Prompt
The lines you should transcribe are those from the one containing "Many of the" to the end of the listing below, exactly, with pictures left out.

Given information
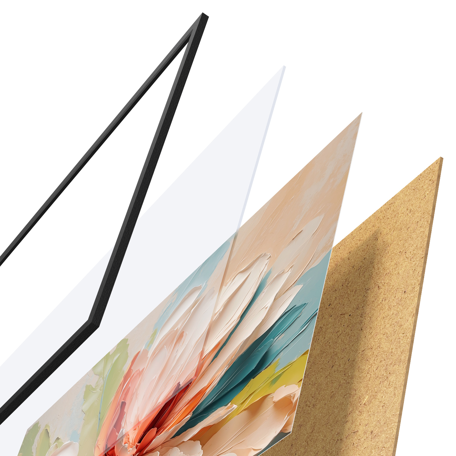 Plakatą sudaro rėmas, pleksiklas, atspausdintas vaizdas ir medžio drožlių plokštės pagrindas. Plakatą galima iš karto pakabinti ant sienos dėl kitoje pusėje esančių laikiklių.
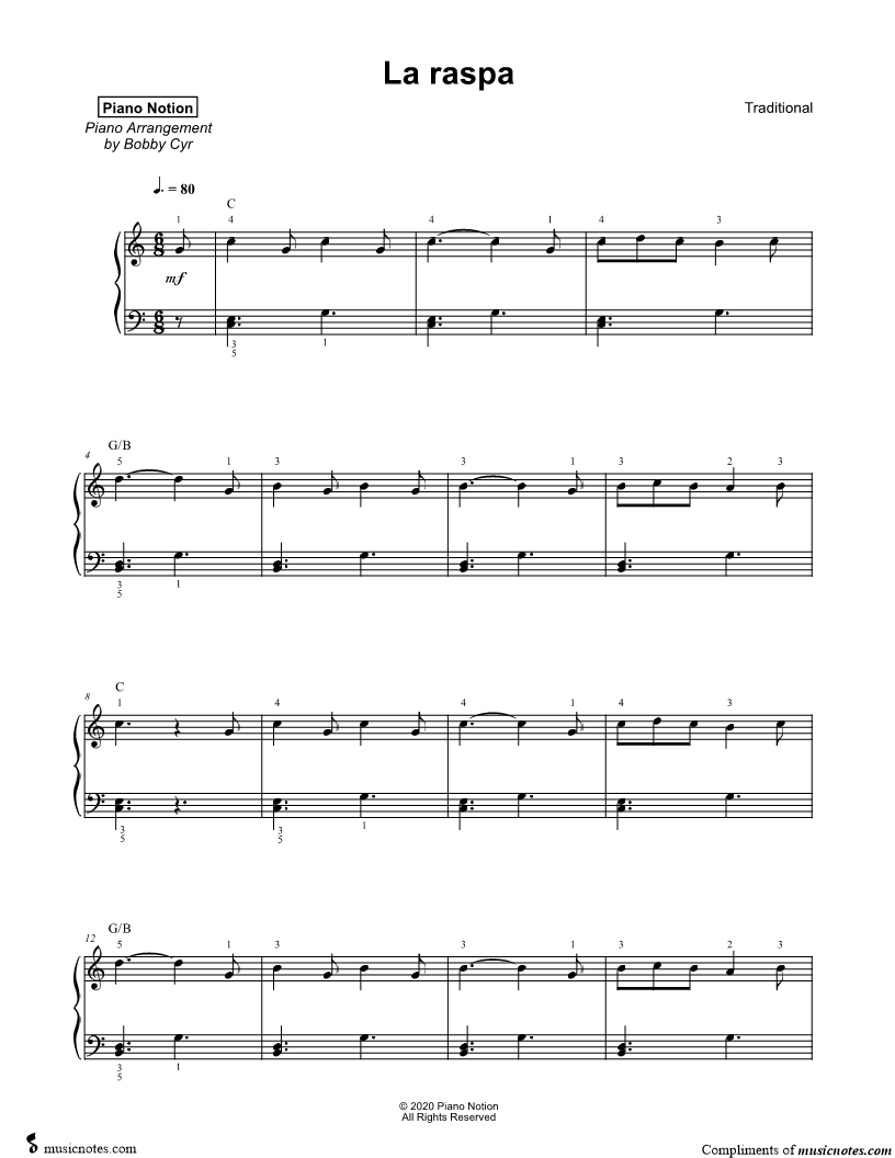 Many of the arrangements on Musicnotes have transpositions available, typically in C Major, as well as 3 sharps and 3 flats. If you do not see your desired key, you can request a transposition by reaching out to Customer Support.
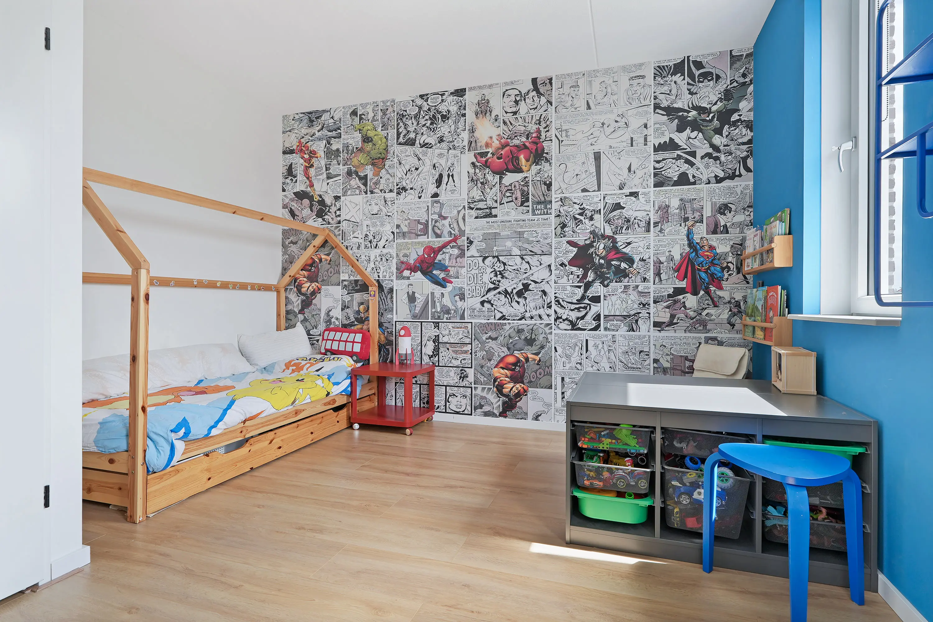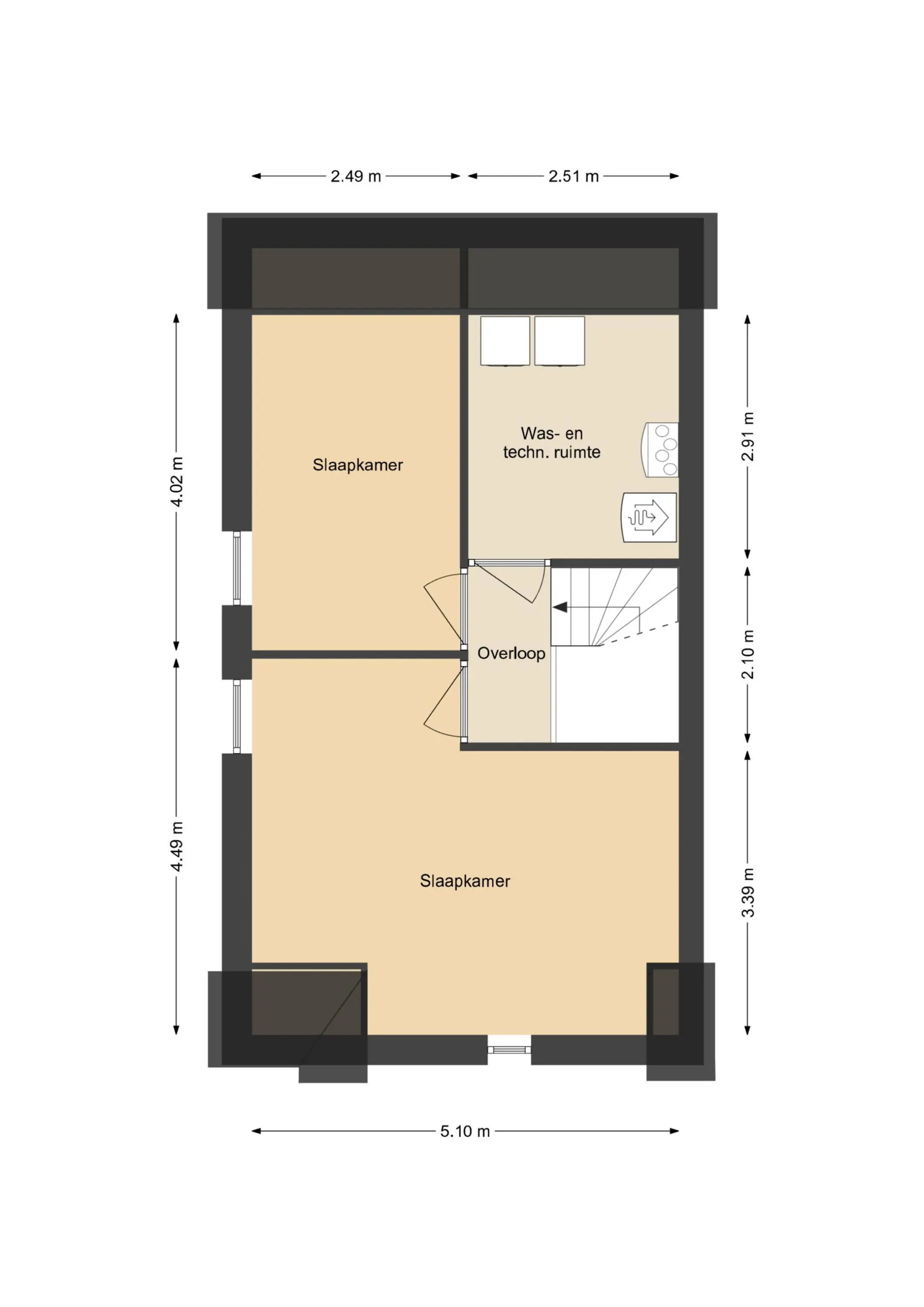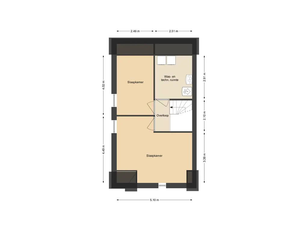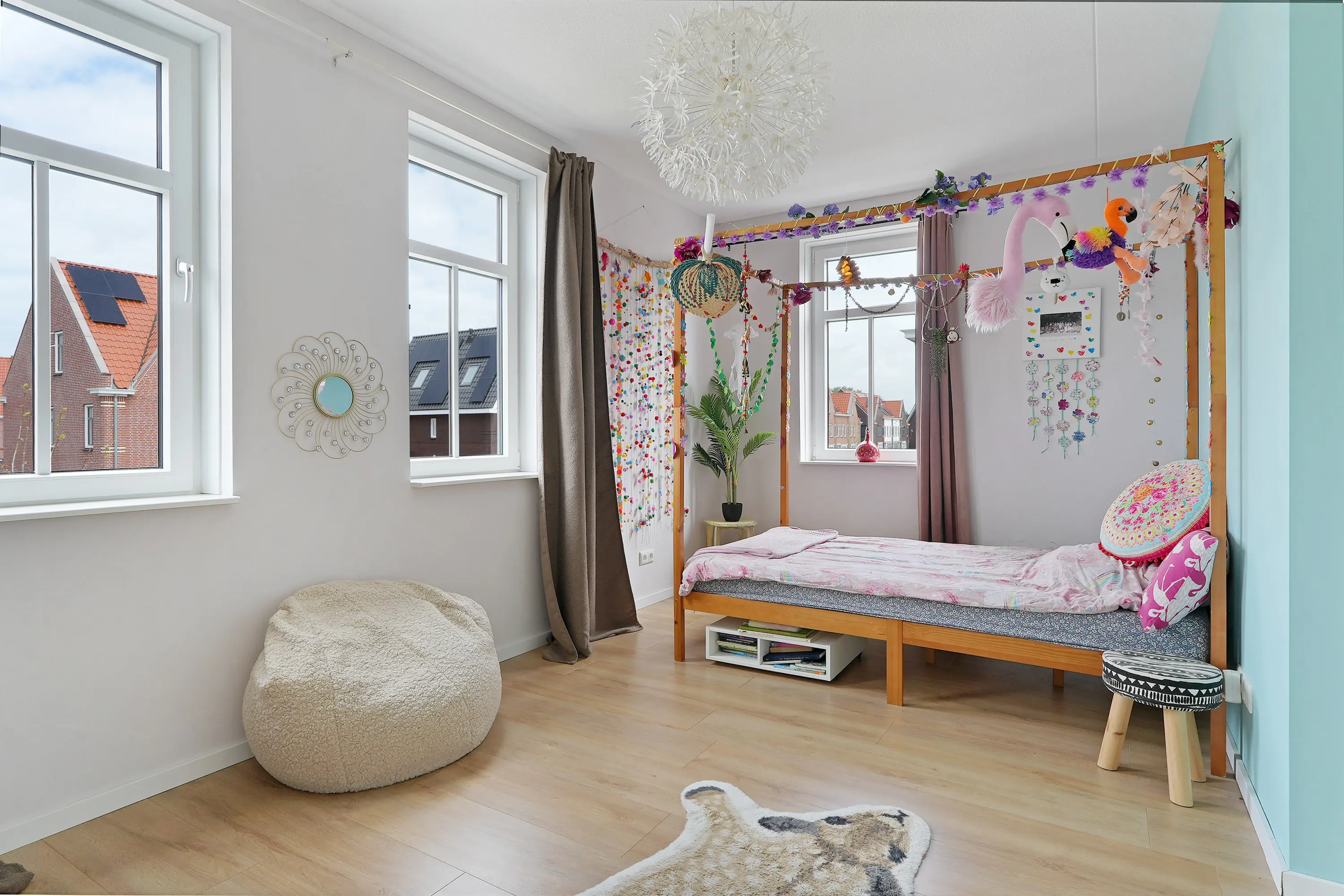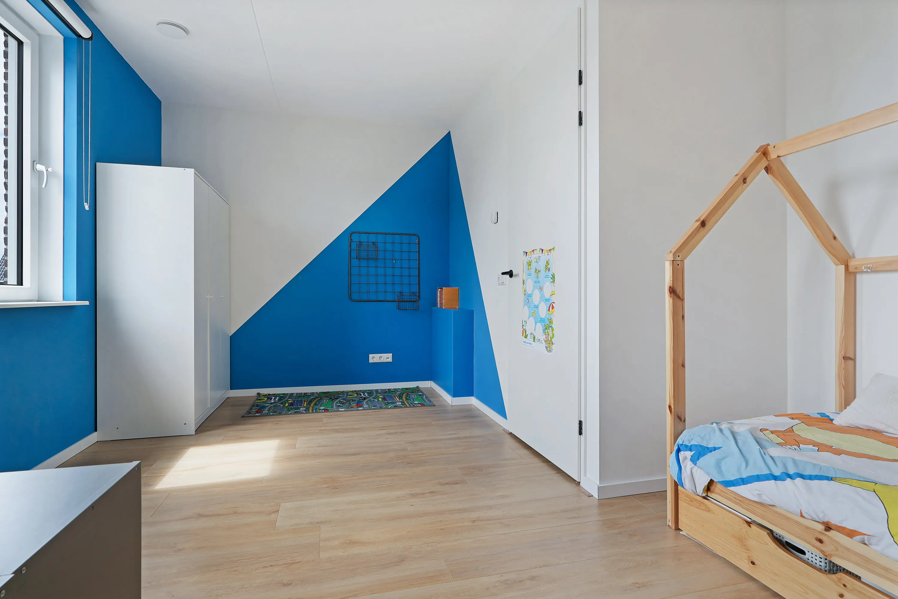 Een volwaardige verdieping met twee slaapkamers, waaronder een unieke ouderslaapkamer onder het karakteristieke samengestelde dak. De hoge nok maakt deze ruimte indrukwekkend. Daarnaast bevindt zich hier een aparte technische ruimte met wasmachineopstelling, warmtepomp en omvormer.

Exercise solution
 Many of the arrangements on Musicnotes have transpositions available, typically in C Major, as well as 3 sharps and 3 flats. If you do not see your desired key, you can request a transposition by reaching out to Customer Support.
 Een volwaardige verdieping met twee slaapkamers, waaronder een unieke ouderslaapkamer onder het karakteristieke samengestelde dak. De hoge nok maakt deze ruimte indrukwekkend. Daarnaast bevindt zich hier een aparte technische ruimte met wasmachineopstelling, warmtepomp en omvormer.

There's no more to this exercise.